Once again, with another recap from what I read around rate limiters from the

book. At the end of the book, I will share all my notes on each chapter, so stay subscribed for that soon! 🔥

That said, on the topic of rate limiters and to generalize - they play a crucial role in maintaining system stability, preventing abuse, and ensuring fair resource allocation.

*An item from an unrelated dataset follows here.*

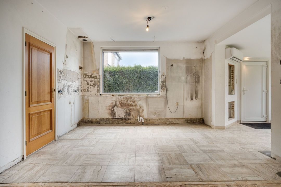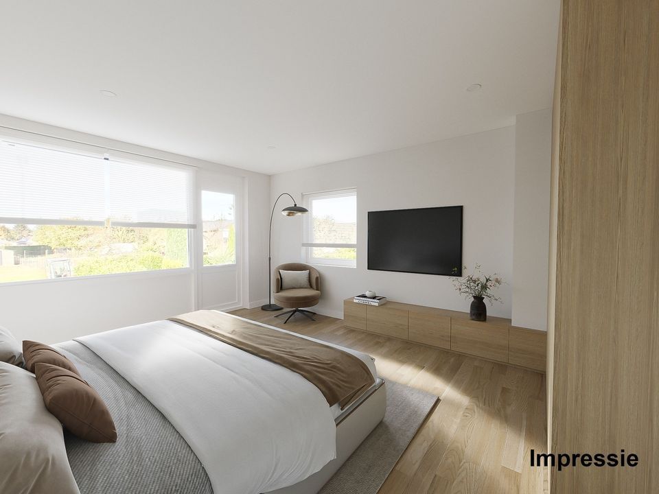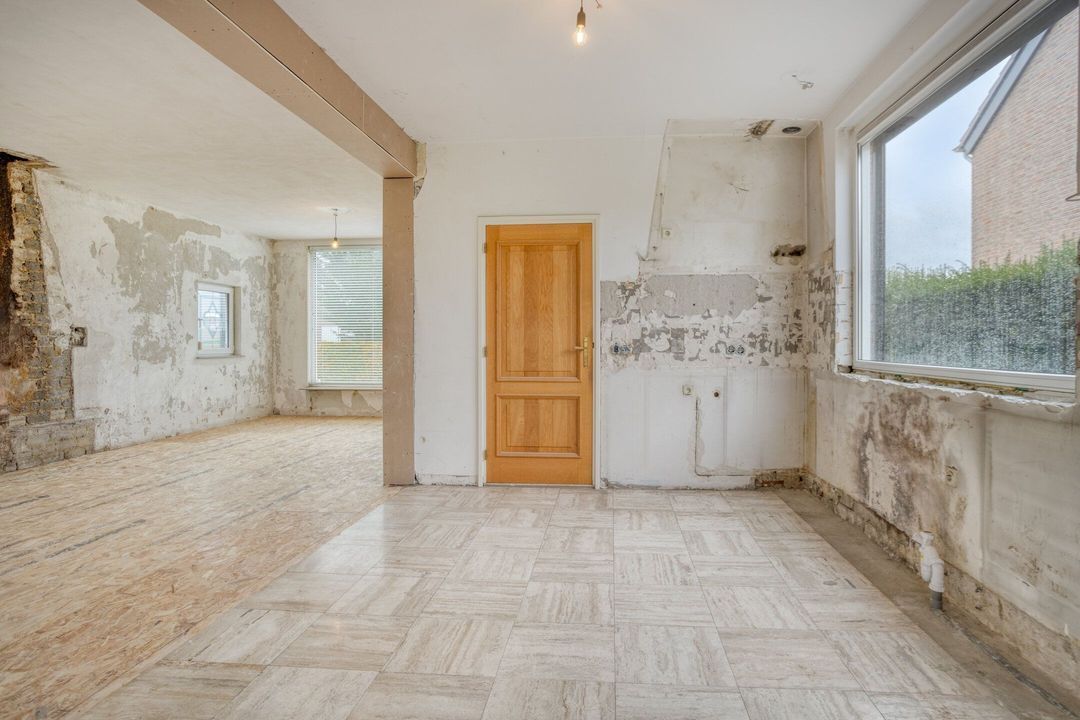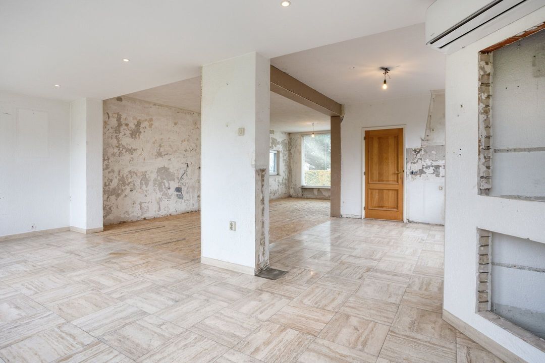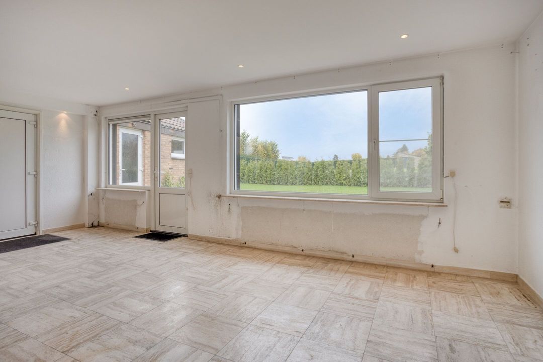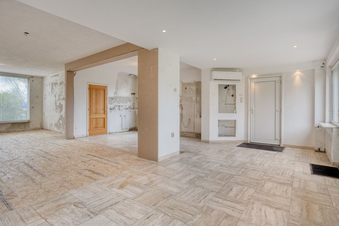 De royale woonkamer en open keuken van samen ca. 63 m² zijn bijzonder licht door de grote raampartijen aan zowel de voor- als achterzijde. Het vrije uitzicht op de omliggende weilanden versterkt het gevoel van ruimte en rust. Extra comfort biedt de aanwezige airconditioning, die zowel kan koelen als verwarmen. Vanuit de achterzijde van deze leefruimte heeft u directe toegang tot de oprit, wat praktisch gemak biedt. Er is geen keuken aanwezig. Er is een impressie bijgevoegd wat het eindresultaat kan worden na verbouwing. De vorige eigenaar heeft reeds voorbereidingen getroffen om de keuken bij de woonkamer te betrekken. Alle behang is reeds van de muren verwijderd, dus volledig voorbereidt voor uw verdere wensen.

So, let's check what rate limiters are, why they're essential, and how to design them effectively. 👇

What is a Rate Limiter?

A rate limiter is a tool that controls the rate of traffic sent or received by a network interface controller (for example, an API).

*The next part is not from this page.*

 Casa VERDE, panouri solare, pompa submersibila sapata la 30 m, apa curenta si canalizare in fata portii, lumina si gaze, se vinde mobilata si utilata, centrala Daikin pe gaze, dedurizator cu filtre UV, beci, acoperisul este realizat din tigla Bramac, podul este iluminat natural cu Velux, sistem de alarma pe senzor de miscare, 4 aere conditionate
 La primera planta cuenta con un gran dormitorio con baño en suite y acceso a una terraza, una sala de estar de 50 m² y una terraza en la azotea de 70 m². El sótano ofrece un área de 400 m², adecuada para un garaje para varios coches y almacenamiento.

It's used to prevent DoS (Denial of Service) attacks, manage API usage, and ensure system stability by limiting the number of client requests allowed to be sent over a specified period

example for limiting the number of requests

Why Use Rate Limiters?

Prevent DoS Attacks
This comes as a by-product of the limit we enforce on the number of requests a client can make in a given timeframe. Malicious users won’t be able to make thousands or millions of requests/second as we would limit them 🤷‍♂️
Resource Management
Image a scenario where you application has biig spikes of traffic. For example in e-com - Black Friday is happening, or all of a sudden your website goes viral. Utilizing some rate limiting techniques we can effectively handle such spikes and manage our server resources efficiently.
Cost Control
Take OpenAI for an example. We all now of the limit on requests or tokens we can use per minute/hour/request. All of these limits are enforced and modified based on the Pricing Tier you’re in with your plan. This is done through rate limiters.
Improved User Experience
With rate limiters we achieve better response times and availability for our system, because we prevent server overload.

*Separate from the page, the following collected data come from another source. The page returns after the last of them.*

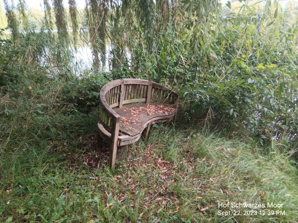 Aber der Reihe nach. Dieser See ist klein, aber mir unwahrscheinlich viel Liebe angelegt. Der Kiosk mit Sanitäranlagen hat schon saisonbedingt zu. Aber es bestände die Möglichkeit, sich bei der Gemeinde einen Schlüssel dafür zu holen. Am Ufer sind verschiedene Sitz- und Liegemöglichkeiten aufgebaut, die von den Einheimischen auch lustig in der Gegend herumgetragen werden. Die gesamte Biergarten Bestuhlung am Kiosk steht noch allen zur Verfügung und ist nicht (!) angekettet. Und trotzdem noch nichts geklaut.
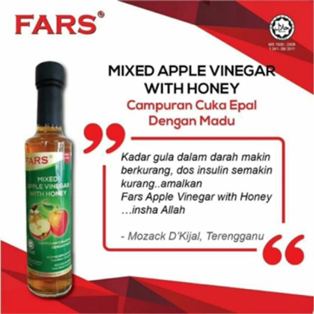 Kongsi ini bagi anda yang tidak kuat dengan rasa dan bau cuka epal, anda boleh campurkan dengan madu supaya ia lebih manis. Sebagai peringatan, sekiranya anda mengambil sebarang ubat, pastikan dapatkan nasihat doktor. Apabila anda mempunyai batuk, anda tidak perlu mencapai penahan batuk yang berlebihan. Cuka epal berwarna emas pucat. Cuka epal ini dapat membantu mempercepatkan metabolisma badan untuk menyingkir lemak2 terkumpul pada badan anda. Hanya menggunakan cuka epal yang di campur bersama minyak almod dan madu. Cuka epal ialah salah satu cara kuruskan badan yang baru terkenal yang membantu menurunkan dan mengawal berat badan dengan lebih mudah, selamat dan insyaallah berkesan. Cuka epal kami berbeza dengan jenama lain yang terdapat di pasaran kerana adanya tambahan madu semula jadi, yang memberikan rasa yang lazat dan menarik. Satu petua mencadangkan anda mencampurkan 2 sudu teh cuka epal dan satu sudu teh madu ke dalam satu gelas air suam. Lumurkan ke kulit kepala hingga ke hujung rambut selama setengah jam sebelumdi bilas dengan air bersih. Senarai khasiat cuka epal dan madu adalah seperti dibawah insyaallah manfaat cuka epal: Memecahkan molekul lemak dan membantu proses penurunan berat badan. Cuka epal (apple cider vinegar) mempunyai sejarah yang panjang sebagai ubat rumah yang digunakan untuk merawat banyak penyakit dari sakit tekak hingga urat varikos.
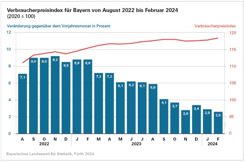 Im Vergleich zum Vormonat stiegen die Verbraucher-Preise in diesem Februar um 0,5 Prozent. Nahrungsmittel sind laut Landesamt für Statistik im Vergleich zum Januar dieses Jahres derzeit um 0,7 Prozent günstiger. Preise für Heizöl (plus 2,9 Prozent) und für Kraftstoffe (plus 1,1 Prozent) liegen hingegen über dem Wert des Vormonats. Für Speisen und Getränke in Restaurants, Cafés, Bars oder Ähnlichem müssen Verbraucherinnen und Verbraucher nun 0,9 Prozent mehr als noch im Januar bezahlen. Die Inflationsrate, gemessen als prozentuale Veränderung des Verbraucherpreis-Index gegenüber dem entsprechenden Vorjahres-Monat, liegt in diesem Februar – wie eingangs erwähnt – bei 2,6 Prozent.

… there are many more benefits, but these ☝️ are some of the most important ones!

Rate Limiting Algorithms

To implement a rate limiter in our system, we first need to decide what algorithm to use. To do so, we need to think of the different use-cases and limits we wanna enforce. An example is showcased here:

source: Rate Limiting Fundamentals By ByteByteGo

That said, let's explore some of the most common algorithms and why we should pick one over the other.

1. Token Bucket 🪣

How it works: Imagine a bucket filled with tokens. Each request consumes a token. If there are no tokens, the request is denied.
Example: 5 requests per minute. At 1:00, the bucket has 5 tokens. Two requests at 1:29 consume 2 tokens. At 2:00, the bucket refills to 5 tokens.

It’s used by companies like Stripe and Amazon, because of it’s ability to handle traffic spikes:

Stripe uses the Token Bucket algorithm to improve the availability and reliability of their API.

📌 More on their use case in this Stripe Blog-Post talking about exactly that!

AWS uses the Token Bucket algorithm for throttling EC2 API requests for each account on a per-region basis, which improves service performance and ensures fair usage for all Amazon EC2 customers.

📌 More on that in their blog-post here!

2. Leaky Bucket 💧

Similar to the Token Bucket, but uses a queue instead. It ensures a constant output rate, which is perfect for products like Shopify, which need to keep stable performance during Black Friday events!

📌 You can check this blog-post, talking more about how Shopify uses this algo for their rate limiting!

3. Fixed Window Counter 🗿

Divides time into fixed windows and allows a set number of requests per window. This make sit simple to implement and understand, making it easier for GitHub to communicate rate limits to its large developer community.

📌 You can easily implement it with Java and Redis for example. Check this impl!

Example: 5 requests per hour. Windows are 1AM, 2AM, 3AM, etc.
Potential issue: A user could make 5 requests at 1:59 AM and another 5 at 2:01 AM, effectively doubling the limit.

4. Sliding Window Log 🪵

This one addresses the Fixed Window Counter issue by tracking request timestamps. It provides more accurate rate limiting over time, which is essential for Twitter's real-time nature and high-volume API usage!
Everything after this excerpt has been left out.